Needless to say, Tehran has denounced the report’s findings. Care to guess who is behind the Argentine effort, according to the Iranians? Yes, an Iranian Foreign Ministry spokesman revealed that “the new fabrications are conducted within the framework of a Zionist plot.” Why? To divert “world attention from the perpetration of crimes by the Zionists against women and children in Palestine,” of course.
Yes, it always comes back to the “Zionists” and their “plots” in this dark conspiratorial world, the same mindset that also churned out the bizarre theory that Israel and its sympathizers were behind 9/11 and, more recently, that they are to blame for the Sudanese genocide in Darfur. Any lie will do to get the real perpetrators off the hook.
It’s high time for the world to face up to three stark realities about Iran:
First, as the 800-page Argentine report amply documents, Iran is complicit in international terrorism. Indeed, the U.S. State Department has repeatedly referred to Iran as the primary state sponsor of terrorism in the world. Iran trains, protects and supports Hezbollah, as well as Hamas and Islamic Jihad, to serve as proxies and accessories. Perhaps the Nisman report will help encourage those European nations that have resisted placing Hezbollah on the European Union terrorism list to reconsider their position.
Second, Iran’s nuclear weapons program continues at full speed in violation of U.N. Security Council and International Atomic Energy Agency resolutions. Iran could one day seek to use those weapons — or provide them in some form to a group like Hezbollah — to project power and attack perceived enemies, whether in the Middle East, South America or elsewhere. Sound far-fetched? Given the violent messianism of Iran’s current crop of top leaders, exemplified by its president, such a possibility is surely within the realm of realistic scenarios.

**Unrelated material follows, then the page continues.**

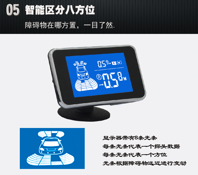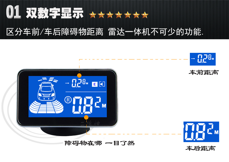 ◆数字提示:数字光条显示障碍物的距离和方位,一目了然

And third, Iran to date believes that it can have its yellow cake and eat it too. In other words, the country’s leaders have concluded, erroneously I hope, that they can order terrorist attacks and simultaneously defy the world community on nuclear weapons matters — and get away with it. By dint of Iran’s size, energy reserves and long reach, its leadership believes today, as it did in 1994, that it can bully, intimidate and outmaneuver those who dare to consider punitive measures against it.
Argentina has now taken an important — indeed principled and courageous — step in standing up to Iran and Hezbollah. Yes, it came late in the day, but in this case late is far better than never. Will Argentina now stand alone while other countries uncomfortably avert their eyes from the prosecutor’s report? Or will the community of nations rally around Argentina, demand the arrest of the eight named in the warrants and, once and for all, declare Iran a pariah nation that poses a clear and present danger to global harmony and prospects for peaceful conflict resolution in the Middle East? Twelve years later, justice and the preservation of the memory of the AMIA victims call for nothing less.
David A. Harris is executive director of the American Jewish Committee.